AfD voters are seen as people who have “lost out”. In reality, support for the party mostly comes from the educated middle class. However, there is a pattern among AfD voters, and it is living in areas of economic deprivation. Most AfD supporters come from East Germany, especially from rural regions. These areas suffer from emigration, thus causing economic stagnation and decline. More than a quarter of the East German population, aged 18 to 30, have migrated to the West since reunification in 1990. This creates discontent with the status quo. Additionally, the status quo is in discontent with them. Every major party in Germany has ruled out a coalition (and, in some cases, cooperation) with the AfD.

Immigration: A political battleground

The AfD gained support in the wake of the refugee crisis. Over a few weeks in 2015, 10,000 people migrated to Germany and 750,000 arrived the following year. In total, more than 1.5 million have entered the country to seek asylum. The majority of them came from Syria, escaping a civil war.

Merkel responded to the crisis with three words: “Wir schaffen das“,  or “we can do this”. However, this was not a widespread sentiment. There was great opposition, even from inside the government. Bavarian State Premier and head of CSU Horst Seehofer threatened to sue the government if Merkel didn’t limit the number of incoming migrants.

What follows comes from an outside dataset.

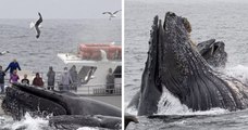 Quatre baleines à bosse chassent un banc de harengs caché sous un bateau de touristes, les images sont magnifiques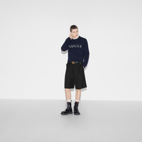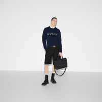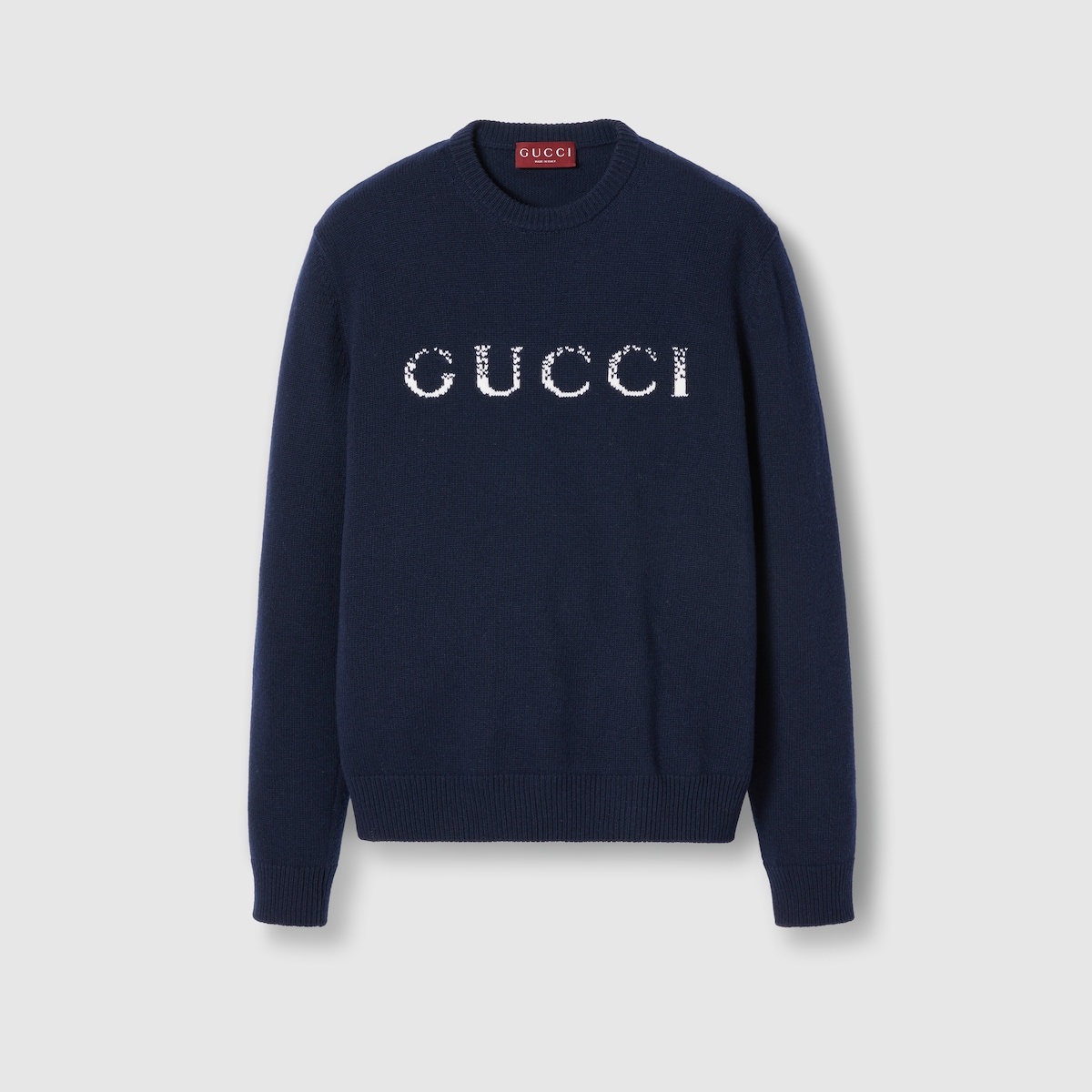 Transitioning into the warm season, new sets bring to mind a sartorial uniform enriched with subtle yet refined details, in cotton or jersey, in logo-detailed outerwear or knitwear. Crafted from dark blue knit wool, this regular fit sweater is defined by a contrasting Gucci intarsia. - Dark blue knit wool - Gucci intarsia - Crewneck - Dropped shoulder - Rib trim - Shoulder drop: 17.3"; based on a size M - Chest: 21.2"; based on a size M - Sleeves length: 25.9"; based on a size M - Regular fit - Length: 26.3"; based on a size M - Made in Italy - The product shown in this image is a size medium

Still, the loudest voice came from the AfD. In a campaign video, the party outlined its demands, including leaving the Migration and Refugee Pact and declaring asylum as a temporary right. Party leaders have also praised Italian Interior Minister Matteo Salvini’s controversial immigration and security law. Even though it was criticized by the UN, AfD deputy parliamentary leader Beatrix von Storch said he deserved the Nobel Peace Prize. Islamophobic messages also appear throughout the AfD manifesto. Still, the rise of the AfD was not due to its stance on immigration but because of it.

September: Decisive for democracy

With the incoming September federal election, AfD’s position in Germany is more relevant than ever.

Covid-19 has caused a decline in government support,  deepened by the lack of vaccines and Merkel’s retirement. The AfD has the perfect opportunity to gain traction. Nevertheless, it seems as if this potential has been wasted. In mid-March, the party lost a third of its vote share in Baden-Württemberg and Rhineland-Palatinate.

Without any immigrants coming in, the AfD has taken on an anti-lockdown message. The new slogan reads “Germany. But normal.” Even though it also appeals to the eurosceptic, anti-immigration voters, Germans aren’t so keen to take such a radical stance on the pandemic.

The future for the AfD, as well as Germany as a whole, is unclear. But the party is not leaving the political scene anytime soon, and neither will the conflict that comes with it.